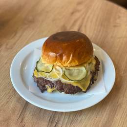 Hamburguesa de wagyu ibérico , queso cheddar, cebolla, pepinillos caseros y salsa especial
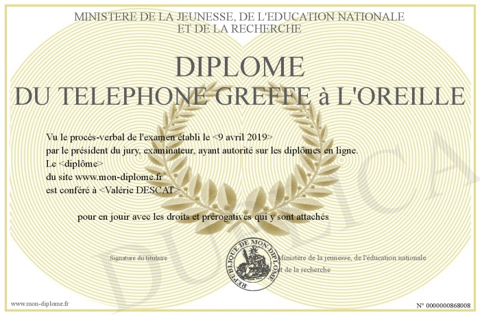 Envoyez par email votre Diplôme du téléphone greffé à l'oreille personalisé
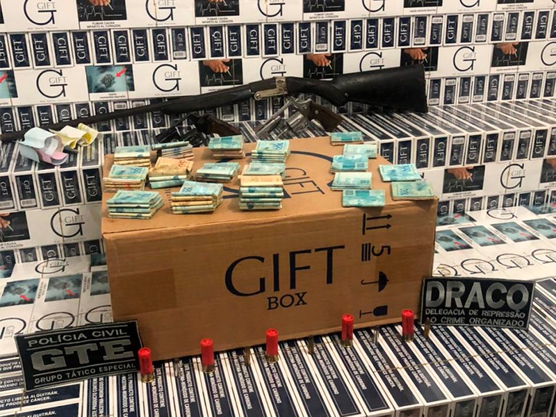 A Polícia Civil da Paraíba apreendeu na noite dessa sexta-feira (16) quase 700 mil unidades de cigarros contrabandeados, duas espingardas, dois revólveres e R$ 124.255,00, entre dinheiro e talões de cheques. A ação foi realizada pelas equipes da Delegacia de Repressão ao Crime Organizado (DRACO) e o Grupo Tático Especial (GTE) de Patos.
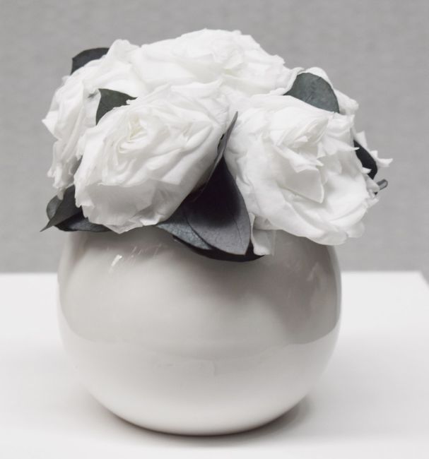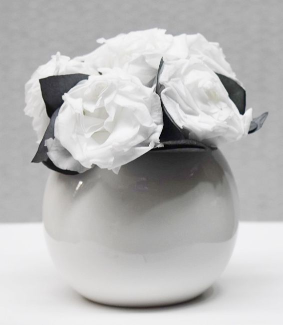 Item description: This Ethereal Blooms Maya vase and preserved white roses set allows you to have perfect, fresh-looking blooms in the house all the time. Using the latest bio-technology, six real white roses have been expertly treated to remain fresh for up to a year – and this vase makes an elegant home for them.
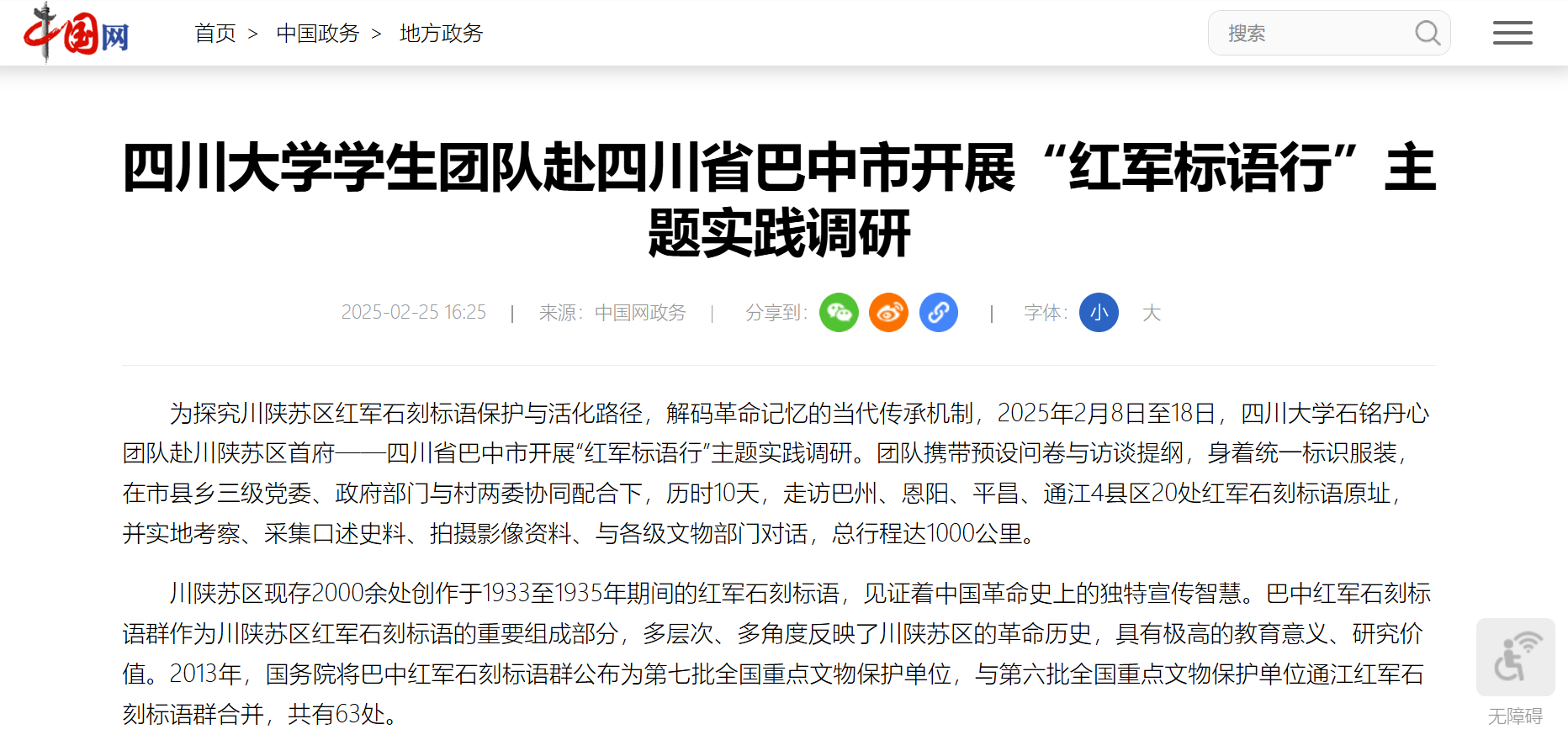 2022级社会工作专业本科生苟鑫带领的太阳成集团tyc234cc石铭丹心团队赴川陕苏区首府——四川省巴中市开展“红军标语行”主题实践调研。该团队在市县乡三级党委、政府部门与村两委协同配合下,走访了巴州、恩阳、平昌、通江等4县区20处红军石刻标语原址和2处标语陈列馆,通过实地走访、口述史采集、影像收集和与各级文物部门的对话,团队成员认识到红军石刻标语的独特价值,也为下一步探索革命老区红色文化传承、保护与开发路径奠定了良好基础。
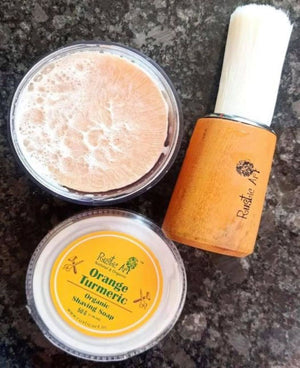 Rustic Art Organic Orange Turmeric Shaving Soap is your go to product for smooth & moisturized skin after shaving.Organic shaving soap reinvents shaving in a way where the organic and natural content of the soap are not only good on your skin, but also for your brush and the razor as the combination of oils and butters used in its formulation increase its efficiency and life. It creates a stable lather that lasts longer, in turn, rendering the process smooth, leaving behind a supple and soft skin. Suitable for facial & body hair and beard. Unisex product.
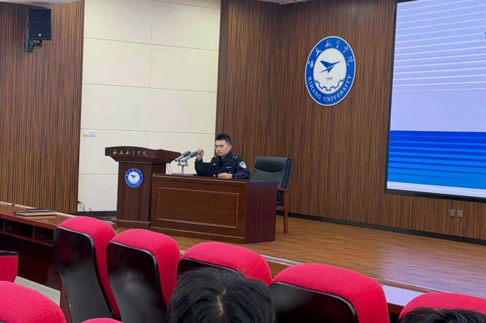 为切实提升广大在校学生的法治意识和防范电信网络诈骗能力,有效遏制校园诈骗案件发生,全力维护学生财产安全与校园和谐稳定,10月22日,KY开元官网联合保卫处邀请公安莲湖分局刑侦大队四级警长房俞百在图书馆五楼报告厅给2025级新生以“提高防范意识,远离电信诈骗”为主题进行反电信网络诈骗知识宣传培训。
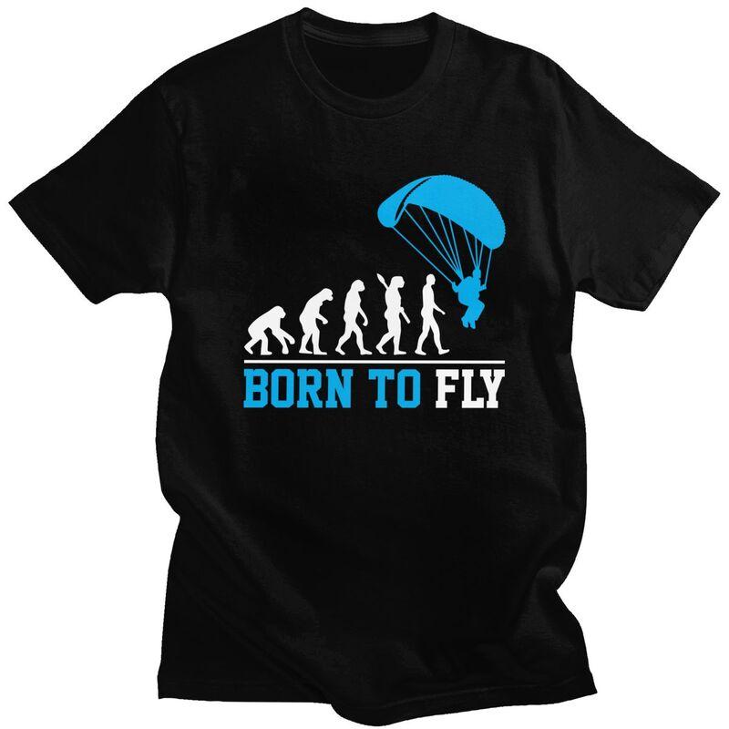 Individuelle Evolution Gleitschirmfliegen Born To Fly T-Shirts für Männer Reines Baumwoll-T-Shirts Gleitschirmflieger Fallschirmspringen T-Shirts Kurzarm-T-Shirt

+ + + +

* **WORK ITEM**: Could you give the listing again exactly as it stands, minus any pictures?

* **TASK ANSWER**:
 Hamburguesa de wagyu ibérico , queso cheddar, cebolla, pepinillos caseros y salsa especial
 Envoyez par email votre Diplôme du téléphone greffé à l'oreille personalisé
 A Polícia Civil da Paraíba apreendeu na noite dessa sexta-feira (16) quase 700 mil unidades de cigarros contrabandeados, duas espingardas, dois revólveres e R$ 124.255,00, entre dinheiro e talões de cheques. A ação foi realizada pelas equipes da Delegacia de Repressão ao Crime Organizado (DRACO) e o Grupo Tático Especial (GTE) de Patos.
 Item description: This Ethereal Blooms Maya vase and preserved white roses set allows you to have perfect, fresh-looking blooms in the house all the time. Using the latest bio-technology, six real white roses have been expertly treated to remain fresh for up to a year – and this vase makes an elegant home for them.
 2022级社会工作专业本科生苟鑫带领的太阳成集团tyc234cc石铭丹心团队赴川陕苏区首府——四川省巴中市开展“红军标语行”主题实践调研。该团队在市县乡三级党委、政府部门与村两委协同配合下,走访了巴州、恩阳、平昌、通江等4县区20处红军石刻标语原址和2处标语陈列馆,通过实地走访、口述史采集、影像收集和与各级文物部门的对话,团队成员认识到红军石刻标语的独特价值,也为下一步探索革命老区红色文化传承、保护与开发路径奠定了良好基础。
 Rustic Art Organic Orange Turmeric Shaving Soap is your go to product for smooth & moisturized skin after shaving.Organic shaving soap reinvents shaving in a way where the organic and natural content of the soap are not only good on your skin, but also for your brush and the razor as the combination of oils and butters used in its formulation increase its efficiency and life. It creates a stable lather that lasts longer, in turn, rendering the process smooth, leaving behind a supple and soft skin. Suitable for facial & body hair and beard. Unisex product.
 为切实提升广大在校学生的法治意识和防范电信网络诈骗能力,有效遏制校园诈骗案件发生,全力维护学生财产安全与校园和谐稳定,10月22日,KY开元官网联合保卫处邀请公安莲湖分局刑侦大队四级警长房俞百在图书馆五楼报告厅给2025级新生以“提高防范意识,远离电信诈骗”为主题进行反电信网络诈骗知识宣传培训。
 Individuelle Evolution Gleitschirmfliegen Born To Fly T-Shirts für Männer Reines Baumwoll-T-Shirts Gleitschirmflieger Fallschirmspringen T-Shirts Kurzarm-T-Shirt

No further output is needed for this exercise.